117. The patch assembly of claim 116, wherein the transport enhancing agent comprises a terpene, geraniol and l-menthol.

118. The method of claim 116, wherein the transport enhancing agent comprises an ion-exchange material or exchange fiber bound to the diclophenac ion in the diclophenac compound.

119. A method for biphasic transdermal iontophoretic delivery of an NSAID to a patient, the method comprising :

positioning at least one electrode assembly in electrical communication with the skin of the patient, the at least one electrode assembly including a skin contacting layer and a solution comprising a NSAID having an electrical charge, wherein the NSAID passively diffuses into the skin without the application of an external force;

delivering a dose of NSAID from the at least one electrode assembly into the skin during a first drug delivery phase using a first current having at least one characteristic to repel the NSAID out of the electrode assembly;

retaining the NSAID in the at least one electrode assembly during a second phase using a second current having at least one characteristic to retain the NSAID in the electrode assembly such that delivery of the NSAID into the skin during a second phase is minimized, wherein the first phase comprises a delivery period and the second period comprises a non-delivery period, which together comprise a delivery cycle;

delivering subsequent doses of the NSAID over subsequent delivery cycles; and

utilizing the second current to control delivery of the therapeutic agent so as to minimize an adverse effect from the NSAID over at least one delivery cycle.

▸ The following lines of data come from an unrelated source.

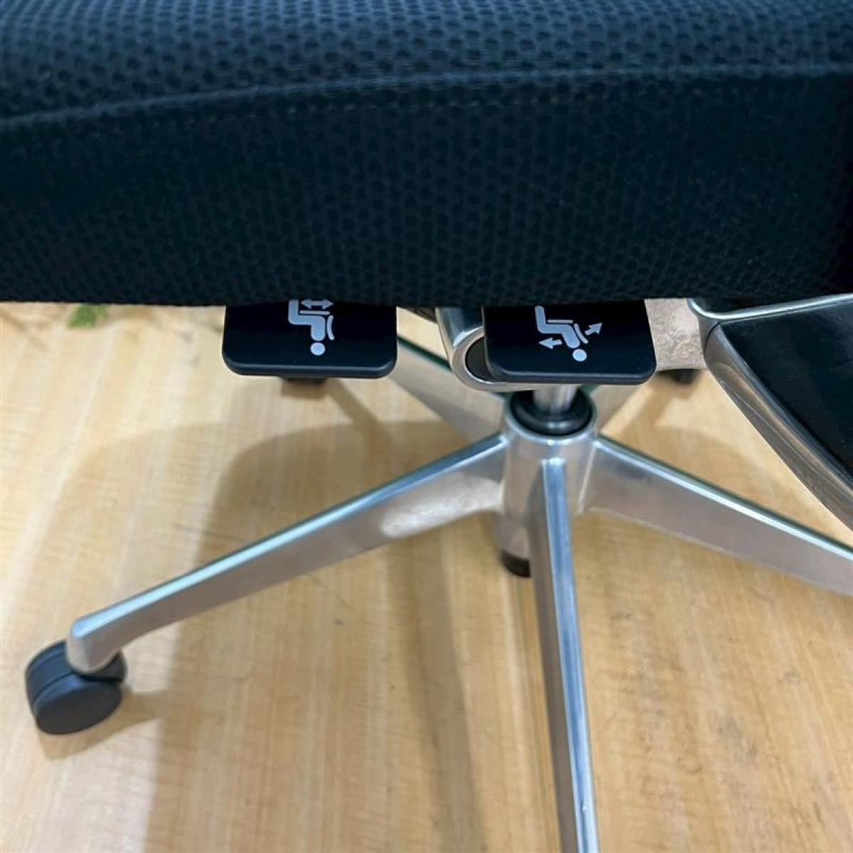 座面の高さや前後などの基本的な調整レバーが座面裏の前方に集約されており、姿勢を変えずに調節ができます。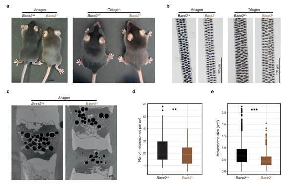 研究人员使用CRISPR-Cas9基因编辑技术在C57BL/6J品系小鼠中构建了同源区段敲除的小鼠模型,发现所有Bace2-/-小鼠的毛色浅于野生型毛色。 显微观察发现,相较于1月龄生长期,4月龄休止期的小鼠毛发中色素缺乏的情况更为显著。对小鼠背部毛发进行透射电镜观察并统计单个细胞内的黑素体数量和截面积,Bace2-/-小鼠出现与棕色大熊猫相似的黑素体数量显著减少和截面积显著减小的现象。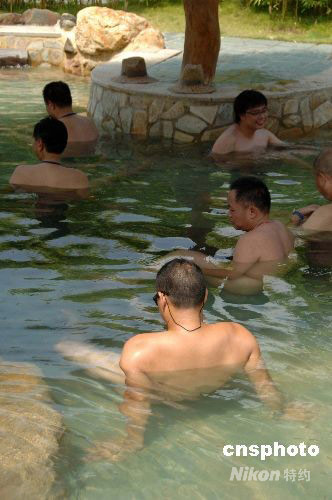 9月21日,广东森波拉首届“天体沐浴节”在一度假森林火山温泉揭开神秘面纱,100多名“欢乐男女”沐浴在阳光、泉水、竹林花香中。“天体浴”被当作一种回归自然和享受健康的方式在广东逐渐被大众所接受。中新社发 梁永强 摄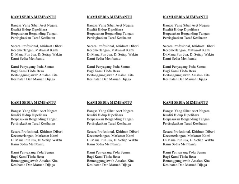 M2 Hospital Sentosa Kuching Lirik Lagu Kami Sedia Membantu Lagu Tema Kkm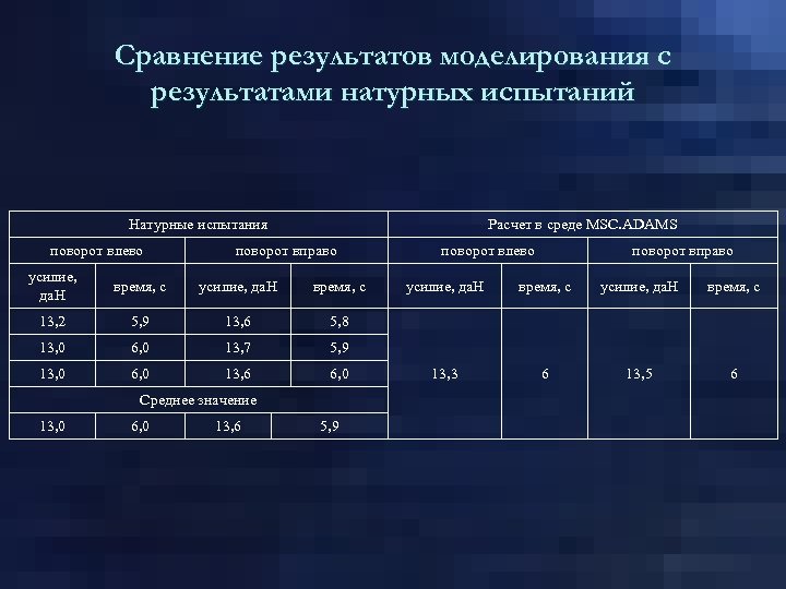 Сравнение результатов моделирования с результатами натурных испытаний Натурные испытания поворот влево Расчет в среде MSC. ADAMS поворот вправо усилие, да. Н время, с 13, 2 5, 9 13, 6 6, 0 13, 7 5, 9 13, 0 6, 0 13, 6 6, 0 поворот вправо 5, 8 13, 0 поворот влево Среднее значение 13, 0 6, 0 13, 6 5, 9 усилие, да. Н время, с 13, 3 6 13, 5 6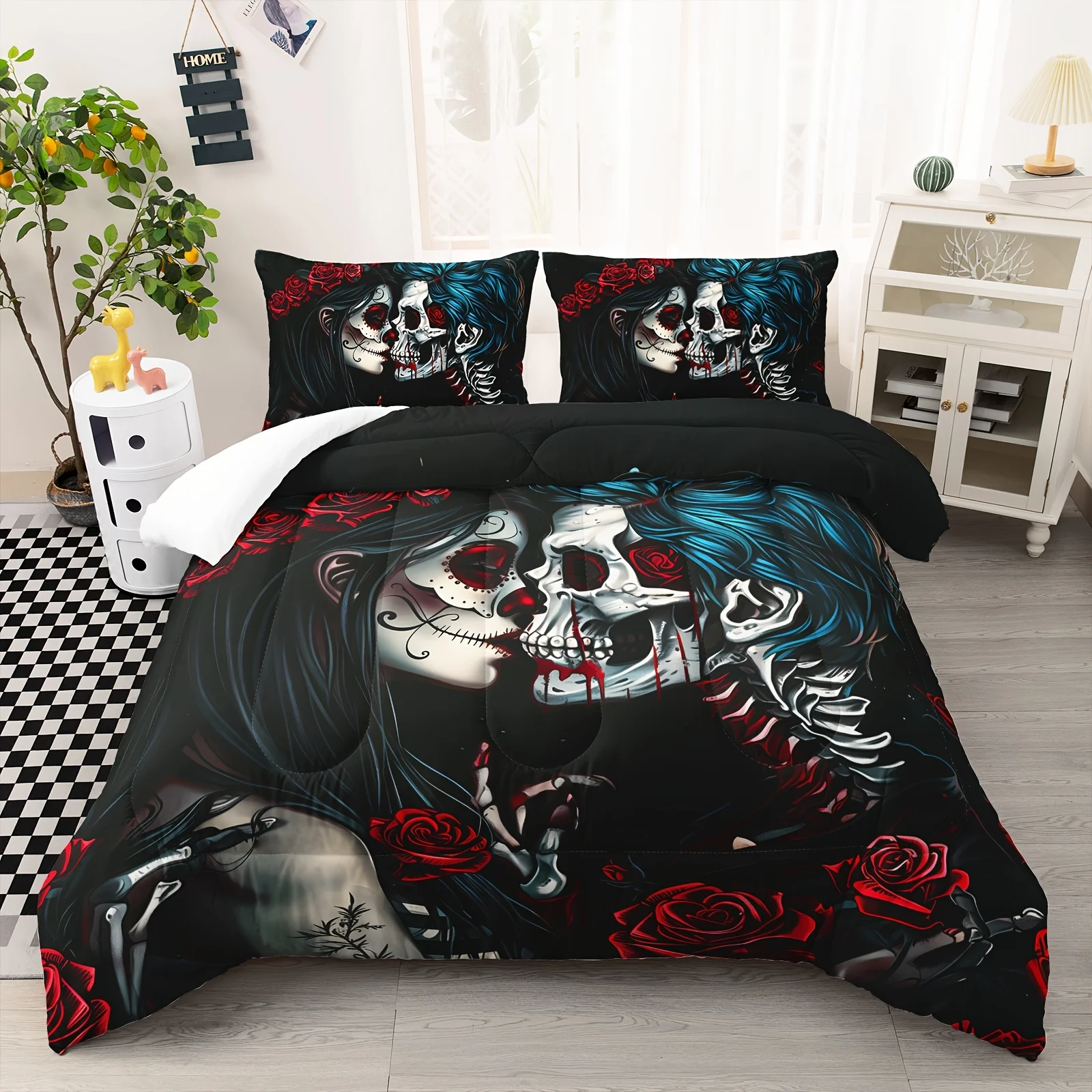 Skull Printed Quilt Set. Polyester Comforter Set with A Dark Black Pattern. It Contains 1 Quilt Set And 2 Pillowcases.

120. The method of claim 119, wherein the adverse systemic effect is selected from the group consisting of bleeding, gastric bleeding, intracranial bleeding, cerebral bleeding, an adverse effect on kidney or liver function, elevated blood pressure and nausea.

121. The method of claim 119, wherein the NSAID is a diclofenac compound.

122. The method of claim 121, wherein the diclophenac compound comprises at one of a gel, a diclophenac acid or a diclophenac salt.